Funds will enable federally recognized American Indian and Alaska Native tribal entities, as listed in 86 FR 7554, to support Native language programs or build capacity to create or expand language preservation programs.
The office is seeking to fund about 15 to 60 grants ranging in value from approximately $25,000 to $200,000.
Proposals must be submitted to Grants.gov by March 7, 2022.
The announcement comes as Interior Secretary Deb Haaland and first lady Jill Biden were on the Cherokee Nation in Oklahoma to highlight a new initiative to preserve, protect and promote the rights and freedom of Native Americans to use, practice and develop Native languages.
Native language preservation has for many years been cited by Indigenous leaders as important to their self-preservation, self-determination and sovereignty.
Information: Dennis Wilson, Division of Economic Development grants manager, Office of Indian Economic Development-Indian Affairs, U.S. Department of the Interior, 505-917-3235 or Dennis.wilson@bia.gov.
EPA awards $1.5M to Inter Tribal Council of Arizona
SAN FRANCISCO – The U.S. Environmental Protection Agency recently awarded $1.5 million to the Inter Tribal Council of Arizona to help identify sources of lead in drinking water in schools or child care facilities.
The funding will help protect children and help advance the federal action plan to reduce childhood lead exposures.
ITCA’s project will offer testing to schools and child-care facilities on the Navajo Nation and other tribes in California, Arizona, Nevada, and New Mexico.
The money was awarded under the Water Infrastructure Improvements for the Nation Act.
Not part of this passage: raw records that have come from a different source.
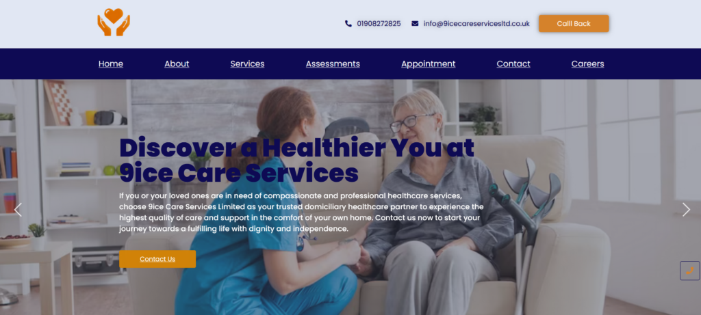 At Nyotacore, we developed a professional, user-friendly website for 9ice Care Services Ltd, a trusted domiciliary healthcare provider in the UK. Our goal was to create a platform that reflects their commitment to compassionate and high-quality care.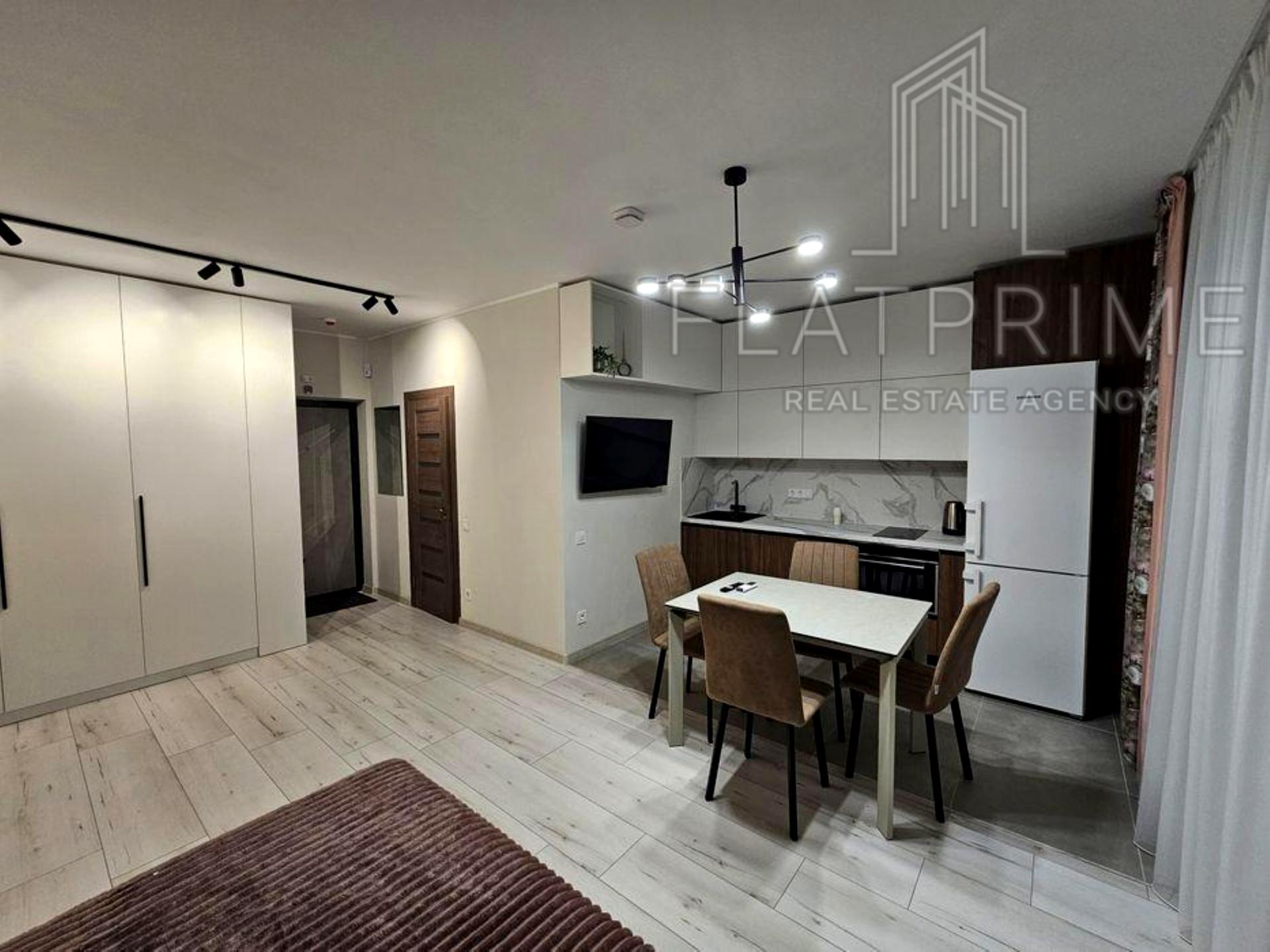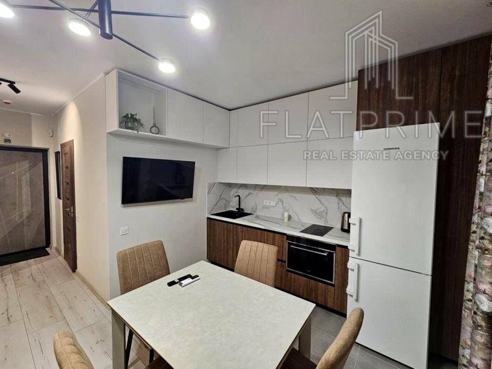Пропонується світла та простора квартира-студія площею 35 м² у сучасному житловому комплексі «Нивки Парк» за адресою вулиця Олеся Бердника, 1-В. Помешкання розташоване на комфортному 2-му поверсі та вирізняється щойно завершеним сучасним ремонтом і високим рівнем енергонезалежності завдяки встановленим акумуляторам великої ємності з інвертором. Квартира повністю укомплектована дорогою побутовою технікою (посудомийна машина, індукційна плита, духова шафа, кондиціонер) та добротними меблями, а для максимального затишку облаштована тепла підлога у ванній кімнаті та просторий балкон. Закрита територія комплексу з власною котельнею, цілодобовою охороною та прямим спуском у підземний паркінг, що слугує надійним укриттям, забезпечує безкомпромісний рівень безпеки та комфорту в кроковій доступності від метро.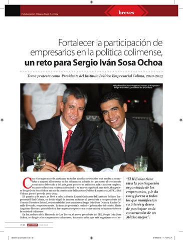 on el compromiso de participar en todas aquellas actividades que ayuden a consolidar y mejorar el bienestar de los colimenses, además de promover el crecimiento económico del estado y del país, para que este se refleje en más y mejores empleos, en mejor educación y sistemas de salud y en mayor seguridad para todo, el ingeniero Sergio Iván Sosa Ochoa asumió la presidencia del Instituto Político Empresarial, (IPE), filial Colima, para el periodo 2010-2013. El pasado 4 de mayo, se llevó a cabo la Sesión Estatal Ordinaria del Instituto Político Empresarial Filial Colima, en donde eligió de manera unánime al presidente y vicepresidente del Consejo Directivo Estatal, responsabilidad que asumieron Sergio Iván Sosa Ochoa y Emilio Carrillo Preciado, respectivamente. La toma de protesta la realizó el gobernador del estado, Mario Anguiano Moreno, quien felicitó a los empresarios por ser un sector unido y comprometido con la sociedad colimense. En los jardines de la Hacienda de Los Torres, el nuevo presidente del IPE, Sergio Iván Sosa Ochoa, se dirigió a los empresarios colimenses, haciendo notar que este organismo es el es32 33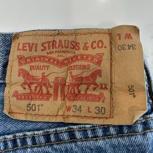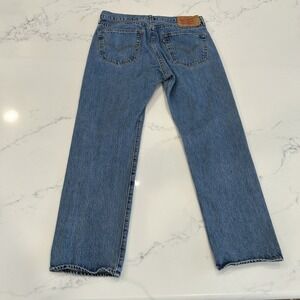 Levi's 501 Original Fit Jeans for Men, Size 34x30. Timeless blue denim with signature button fly, straight leg, and mid-rise fit. A staple in any wardrobe, perfect for everyday wear, casual styling, or vintage-inspired outfits. Pre-owned with light signs of wear and fading that add authentic character. No holes or stains.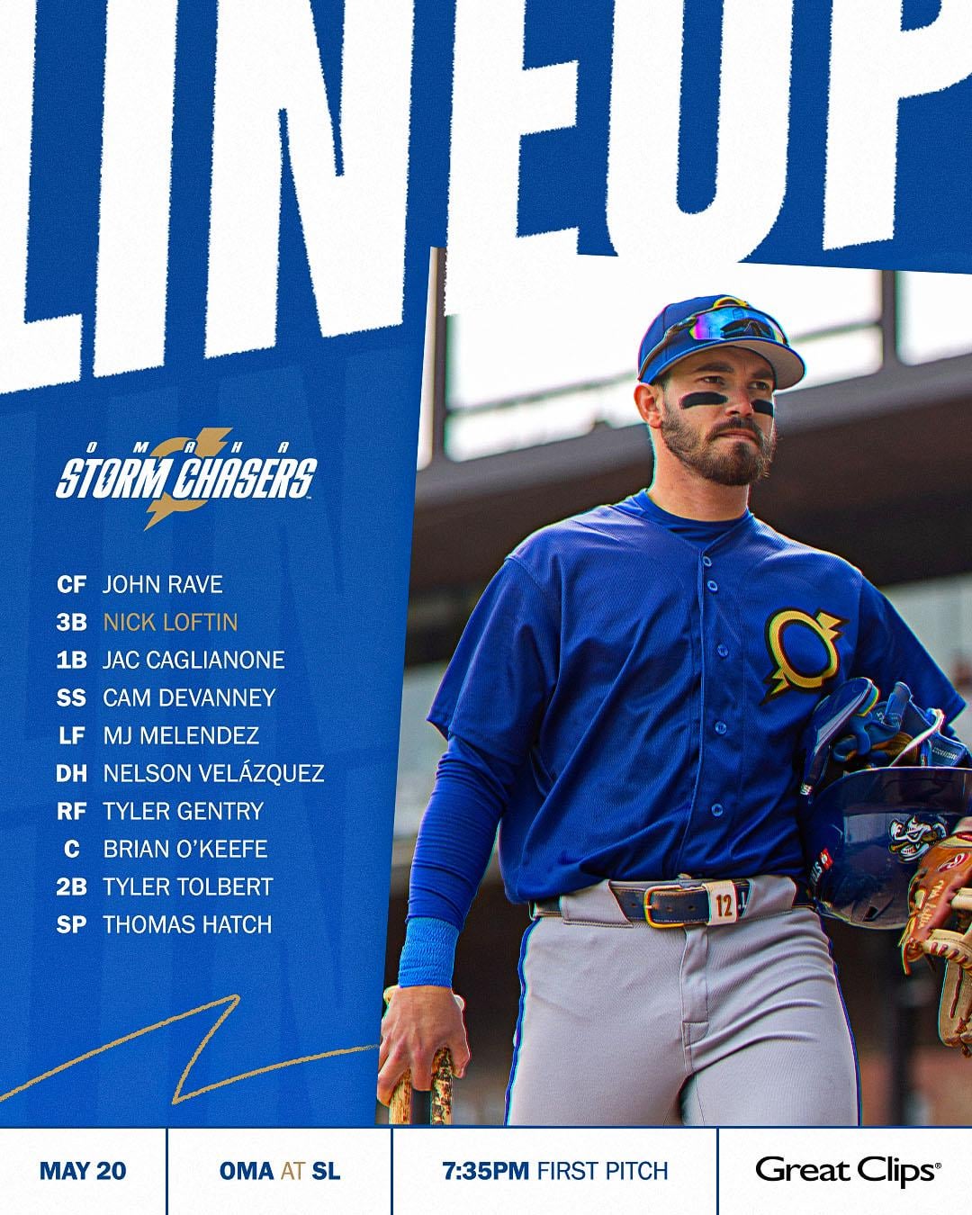 Jac Caglianone will hit third and play 1B in his AAA debut tonight.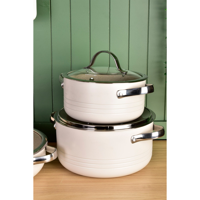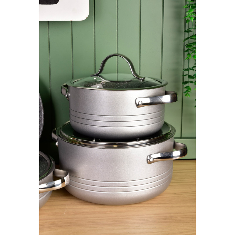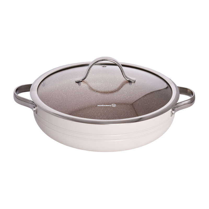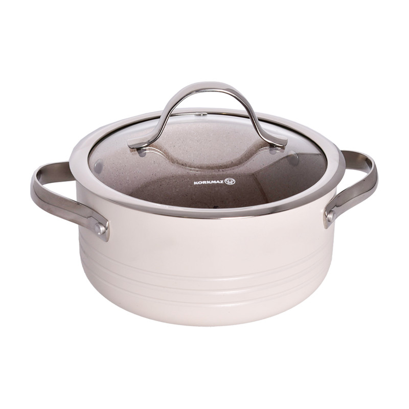 این محصول گرانیتی کرکماز دارای اقلامی با سایز های زیر می باشد: 2 عدد قابلمه با سایز های 18*9 و 22*11 سانتی متر و همچنین با ظرفیت های 2 و 3.8 لیتر 1 عدد قابلمه کوتاه 26*75 سانتی متر با ظرفیت 3.5 لیتر 1 عدد تابه دسته بلند با سایز 26*4.5 و ظرفیت 2 لیتر سرویس قابلمه 2619 کرکماز از جنس آلومینیوم با روکش گرانیت ساخته شده که بسیار با دوام، نچسب و ضد خش بوده و درب های این سرویس از شیشه مقاوم و ضد خش و با کیفیت خیلی بالا و مداوم می باشد که دارای منفذ خروج بخار است.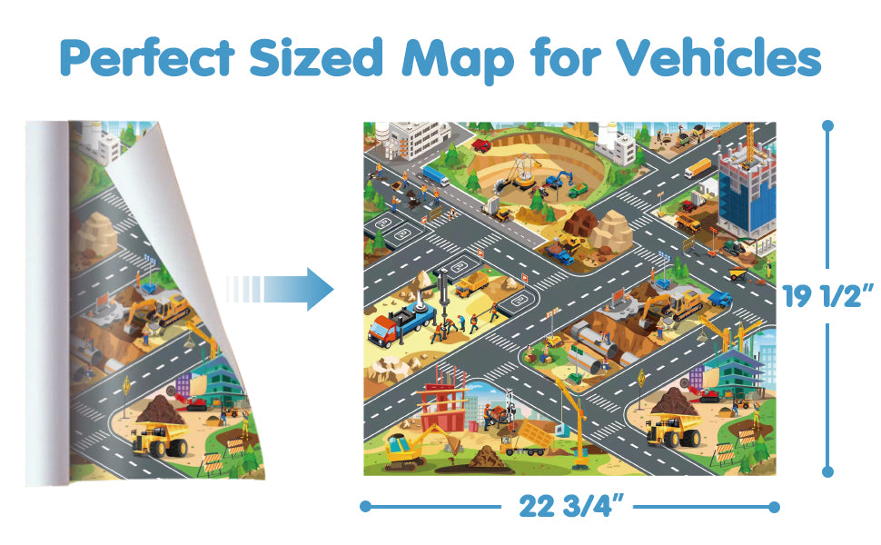 - 【Activity Playmat Included】Play mat is made of soft non-woven fabric, which has bright colors and is illustrated with vivid construction sites. Playmat included provides kids an immersive scene experience and enhances kids imagination and creativity further.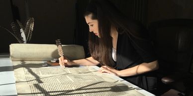 Soferet Alex Casser does work on MST Scroll #3 in her studio in Alexandria, VA in 2019.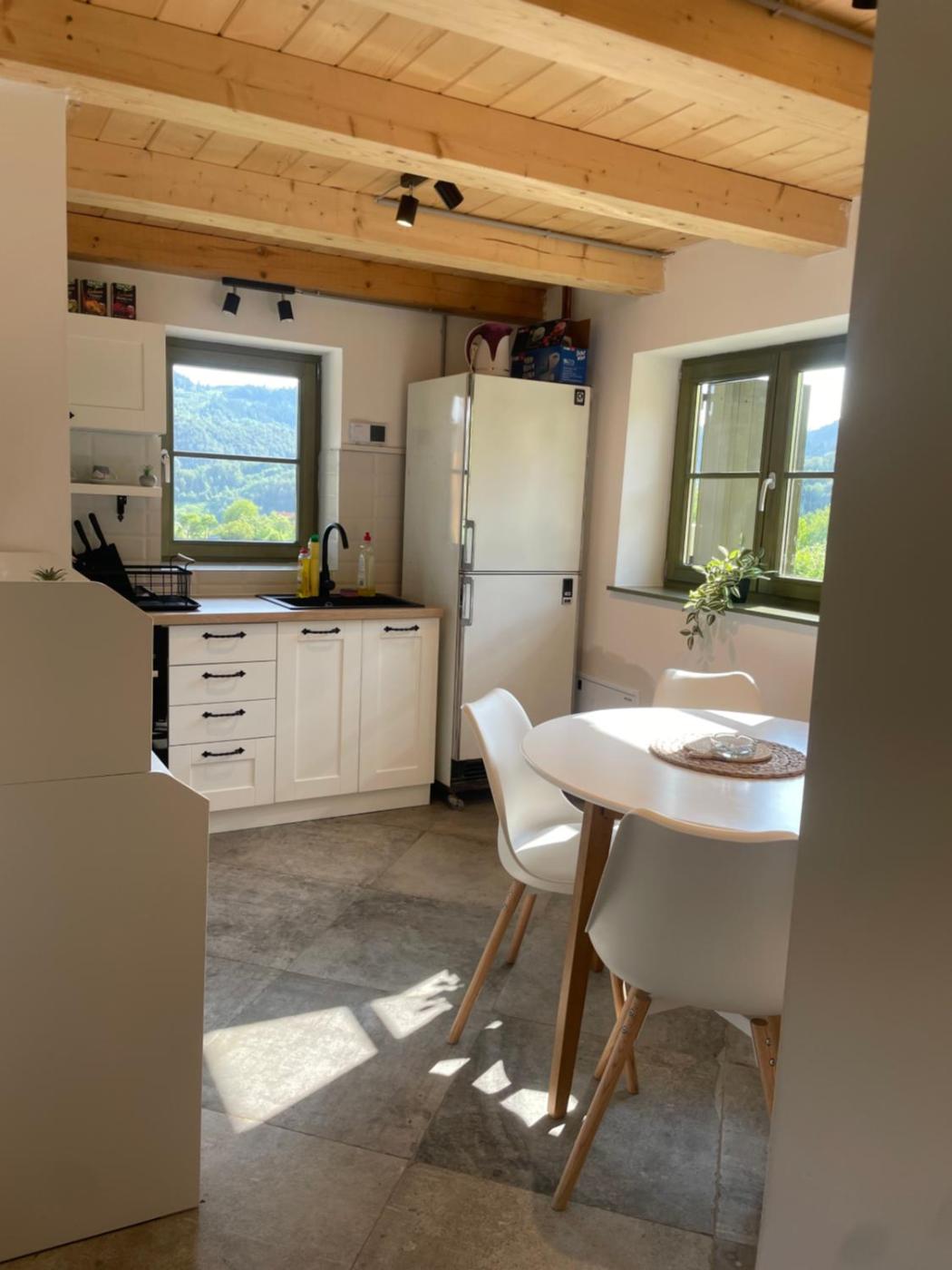 The holiday home has 2 bedrooms, 2 bathrooms, bed linen, towels, a flat-screen TV with satellite channels, a dining area, a fully equipped kitchen, and a terrace with mountain views. Guests can take in the ambience of the surroundings from an outdoor dining area or keep themselves warm by the fireplace on colder days. For added privacy, the accommodation features a private entrance.

The Voluntary Lead Testing in Schools and Child Care Drinking Water grant program continues to help protect children’s health and make progress under the federal action plan to reduce childhood lead exposures.
Children can be more vulnerable to pollutants than adults, which can lead to greater exposure and/or unique windows of susceptibility during development.
This is especially true of lead—an exposure that would have little effect on an adult can have a significant effect on a child. Lead in drinking water is one of the main ways children can be exposed to lead.
Gov apologizes for Nevada’s role in boarding schools
CARSON CITY, Nev. (AP) — When it was time for Winona James to return to school, her family hid her in brush near their home in the Carson Valley to prevent officials from the Stewart Indian School from finding her.
James, a member of the Washoe Tribe of Nevada and California, was among the more than 20,000 students who were sent to the boarding school as part of a federal program designed to forcibly assimilate Native Americans into dominant Euro-American culture.
She attended for one year, but her family feared for her life.
“I can remember that my grandmother didn’t want me to come back to Stewart because she thought I would never, ever go back home again,” she said in interview for a University of Nevada, Reno history initiative in 1984.
The Stewart School in Carson City is among more than 350 residential schools that the U.S. Interior Department plans to examine as part of the Federal Boarding School Initiative Review, which includes an investigation into student deaths and known and possible burial sites.
On Friday, Nevada Gov. Steve Sisolak heard stories from tribal elders about the school’s history.
“It is a tragedy that it has taken so long for the federal government to undertake an honest accounting of an immoral program that existed here for generations,” Sisolak said at the Stewart Indian School, which now houses a cultural center and museum.
The governor apologized on behalf of the state and promised to fully cooperate with the Interior Department and its first Native American secretary, Deb Haaland, as they review records and investigate the federal government’s past policies and oversight of Native American boarding schools.